DeepVoiceGuard: Anti-Spoofing for ASV Systems

Available on Hugging Face 🤗

This model is also hosted on Hugging Face for easy access and inference:

If you find this project helpful or inspiring, please consider giving it a star 🌟 on GitHub!

DeepVoiceGuard is a robust solution for detecting spoofed audio in Automatic Speaker Verification (ASV) systems. This project utilizes the RawNet2 model, trained on the ASVspoof 2019 dataset, and deploys the trained model using FastAPI for real-time inference.
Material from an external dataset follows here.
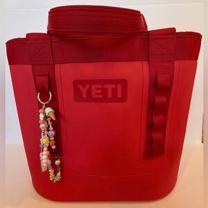 Add a pop of color to your bag with this homemade vibrant beaded keychain. Perfect for adding charm to your bag or keys. Styled on the YETI camino 35 bag!
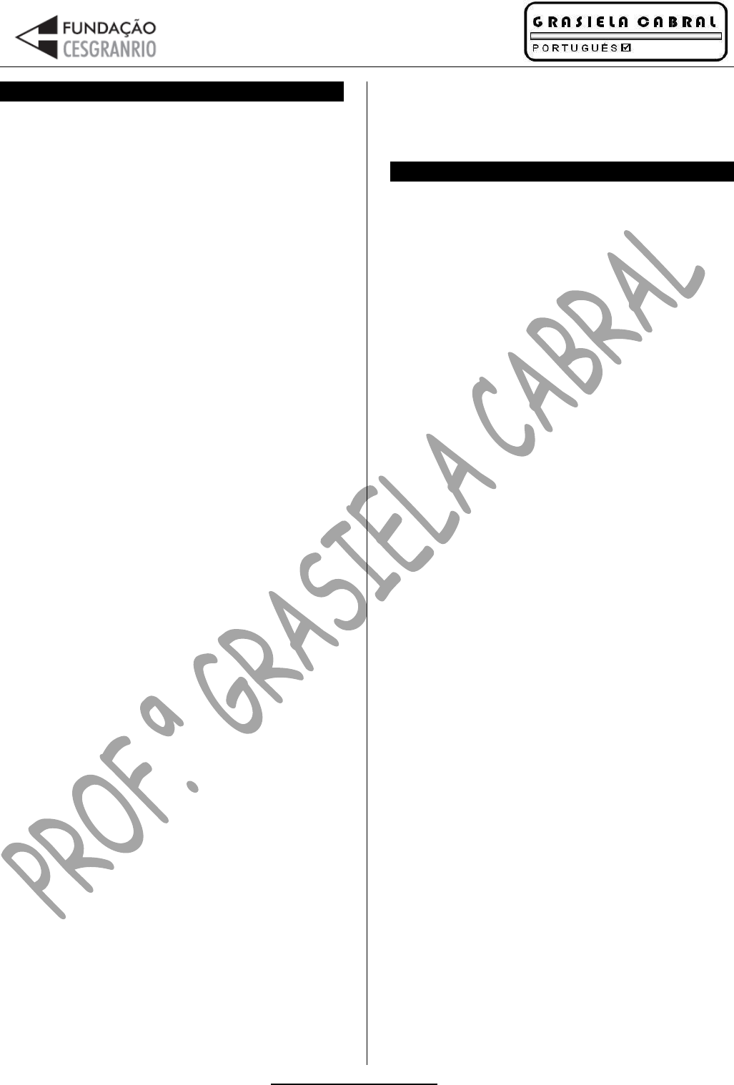 www.grasielacabral.com.br -1- FFOONNÉÉTTIICCAA 01) (CESGRANRIO / REFAP / SUPERIOR / 2007) A sequência em que a letra x corresponde ao mesmo fonema em todas as palavras é: (A) exonerar – expelir – extinto. (B) sexo – afixar – inexequível. (C) exuberante – excitar – exótico. (D) máximo – sintaxe – tórax. (E) exuberante – exumar – exonerar. 02) (CESGRANRIO / PROFESSOR TO / SUPERIOR / 2009) Assinale a opção em que todas as palavras contêm dígrafos. (A) Autoclismo, vendiam, foguete. (B) Cheguei, serviram, peúgas. (C) Comprar, elétrico, meias. (D) Descarga, vendiam, desci. (E) Expresso, bonde, cafezinho. 03) (CESGRANRIO / CONTROLADOR DE TRÁFEGO AÉREO / 2007) A sequência cujas palavras têm o mesmo número de fonemas é: (A) chuva – Paulo – vento. (B) irreal – amigo – contei. (C) guiando – convém – presente. (D) noite – trouxe – desceu. (E) uma – sim – meu. 04) (CESGRANRIO / CONTROLADOR DE TRÁFEGO AÉREO / 2007) Há um ditongo na palavra: (A) mitologia. (B) abaixo. (C) navio. (D) ainda. (E) reencadernar. 05) (CESGRANRIO / PROMINP / 2007) Uma das palavras escritas abaixo está com ERRO, na separação das sílabas. Assinale-a. (A) Re – jun – tar. (B) Ma – te – ri – ais. (C)Com – bus – tí – vel. (D)Pe – tró – leo. (E) Ar – ga – ma – ssa. GABARITO 1) E 2) E 3) B 4) B 5) E AACCEENNTTUUAAÇÇÃÃOO GGRRÁÁFFIICCAA 01) (CESGRANRIO / BNDES / MÉDIO / 2008) Analise os comentários gramaticais apresentados a seguir, e julgue os itens: ふáぶàásàpala┗ヴasàさj=ざàeàさミルsざàs?oàaIeミtuadasàeマàfuミç?oàdaà mesma regra de acentuação gráfica. (B) As lacunas das palavras exce__ão e percep__ão não são preenchidas com a mesma letra. 02) (CESGRANRIO / BNDES / SUPERIOR / 2008) As pala┗ヴasàケueàseàaIeミtuaマàpelaàマesマaàヴegヴaàdeàさpヴY┗iaざàeà さatYざ,àヴespeIti┗aマeミte,às?o (A) raízes e só. (B) inútil e baú. (C) infindáveis e você. (D) idéia e sofá. (E) hífen e saída. 03) (CESGRANRIO / PROMINP / 2007) A palavra que apresenta ERRO de acentuação é: (A) elétrico. (B) potência. (C) tratorísta. (D)óleo. (E) mecânico. 04) (CESGRANRIO / PROMINP / 2007) O vocábulo que deve receber acento gráfico é: (A) tatu. (B) tainha. (C) gratuito. (D) incluido. (E) padaria. 05) (CESGRANRIO / PROMINP / 2007) A palavra que obedece à mesma regra de acentuação de fenômeno é: (A) biocombustíveis. (B) energética. (C) agricultável. (D) suínos. (E) país. 06) (CESGRANRIO / TCE / RO / SUPERIOR / 2007) A ausência do sinal gráfico de acentuação cria outro sentido para a palavra: (A) trânsito. www.grasielacabral.com.br -2- (B) características. (C) inevitável. (D) infrutíferas. (E) anônimas. 07) (CESGRANRIO / PETROBRAS / MÉDIO / 2008) As palavras NÃO se acentuam pela mesma regra em ふáぶàさsaíヴaマざà– さ┗isioミ=ヴiaざ ふBぶàさ┗oIZざà– さatYざ ふCぶàさsoHヴe┗i┗ZミIiaざà– さミeIess=ヴiaざ ふDぶàさfYざà– さYざ ふEぶàさestíマuloざà– さdes>ミiマoざ 08) (CESGRANRIO / CAPES / MÉDIO / 2008) Assinale a frase em que a concordância do verbo com o sujeito se apresenta INCORRETA. (A) De onde vocês vêm a esta hora? (B) Todos os fiéis crêem nos poderes divinos. (C) Os pais vêem seus filhos crescerem. (D) As águas dos rios vem de suas nascentes. (E) Quero que os herdeiros dêem os bens aos necessitados 09) (CESGRANRIO / BNDES / SUPERIOR / 2008) Julgue o item: さ...até duヴaミteà oà Haミho.ざà eà さ...através do prazer da desIoHeヴta,ざ.àOsà┗oI=HulosàdestaIadosàaIeミtuaマ-se pela mesma regra 10) (CESGRANRIO / TÉCNICO DE NÍVEL SUPERIOR / 2006) Em relação ao comentário gramatical, assinale o item INCORRETO. (A) Os vocáHulosà destaIadosà eマà さTヴeiミaヴà a memória equivale a tヴeiミaヴà osà マúsIulosà doà Ioヴpoざà peヴteミIeマà aà classes gramaticais diferentes. ふBぶàEマàさTヴeiミaヴàaàマeマルヴiaàeケui┗aleàaàtヴeiミaヴàosàマúsIulosà do corpo - é preciso usá-la...ざà oà pヴoミoマeà oHlíケuoà fazà referência semântica(E) subordinada adverbial. GABARITO 1) D 2) E 3) A 4) E 5) A 6) C OORRAAÇÇÕÕEESS SSUUBBOORRDDIINNAADDAASS AADDJJEETTIIVVAASS 01) (CESGRANRIO / PROFESSOR TO / SUPERIOR / 2009) NoàtヴeIhoàさOàfiミalàque ele daí imaginou foi um: que, um dia, o Faustino pegava também a ter medo, queria ヴe┗ogaヴà oà ajuste!ざ, a palavra que desempenha nas orações, respectivamente, quanto à sintaxe, os valores de: (A) coordenação e de objeto direto. (B) coordenação e de sujeito. (C) subordinação e de objeto direto. (D) subordinação e de predicativo. (E) subordinação e de sujeito. 02) (CESGRANRIO / BNDES / SUPERIOR / JANEIRO/ 2008) Analise os comentários gramaticais apresentados a seguir, e JULGUE O ITEM: ふáぶàNaàpassageマàさÉàaàseミsaç?o,àpoヴàe┝eマplo,àケueàdoマiミaà uマaà pessoa...ざ,à oà pヴoミoマeà ヴelati┗oà さケueざà eケui┗aleà aà a qual. 03) (CESGRANRIO / PROMINP / 2008) A vida é como um espelho. Olhe para você mesmo e reflita...A cada dia você tem que decidir se continua do jeito que é ou muda! Só depende de você. Continue refletindo, olhe-se no espelho! Seja sincero com você. Não culpe ninguém, nem sua empresa pelos seus erros. Não tenha medo de mudar, não tenha medo de vencer! Se o medo de mudar vencer, você ficará amarrado, paralisado e não se transformará em agente de mudança. Só é vencido aquele que admite a si mesmo que está derrotado. Assinale a opção cuja classificação da oração destacada está INCORRETA. ふáぶà さOlheà paヴaà ┗oIZà マesマo...ざà – oração coordenada assindética. ふBぶàさ...ケueàY...ざà– oração adjetiva restritiva. ふCぶàさ“ルàdepeミdeàdeà┗oIZ.ざà– oração principal. ふDぶà さ...deà マudaヴ,ざà – ora

The repository also includes ONNX model conversion and sliding window inference for efficient processing of long audio files.

Introduction

Automatic Speaker Verification (ASV) systems are vulnerable to spoofing attacks, such as voice conversion and speech synthesis. DeepVoiceGuard leverages the RawNet2 architecture to detect and mitigate such attacks. The project also includes a FastAPI-based deployment for real-time inference, ensuring practical usability.

Features

Training the RawNet2 model on the ASVspoof 2019 dataset.
Conversion of the PyTorch-trained model to ONNX format for efficient deployment.
Real-time inference via FastAPI.
Sliding window inference for processing long audio files.
Supports both genuine and spoofed audio classification.

Dataset

The ASVspoof 2019 dataset is a benchmark dataset for ASV anti-spoofing tasks. It includes genuine and spoofed audio samples for training, validation, and testing.

Preprocessing

Audio normalization.
Log-Mel spectrogram extraction.
Label encoding for binary classification (genuine/spoofed).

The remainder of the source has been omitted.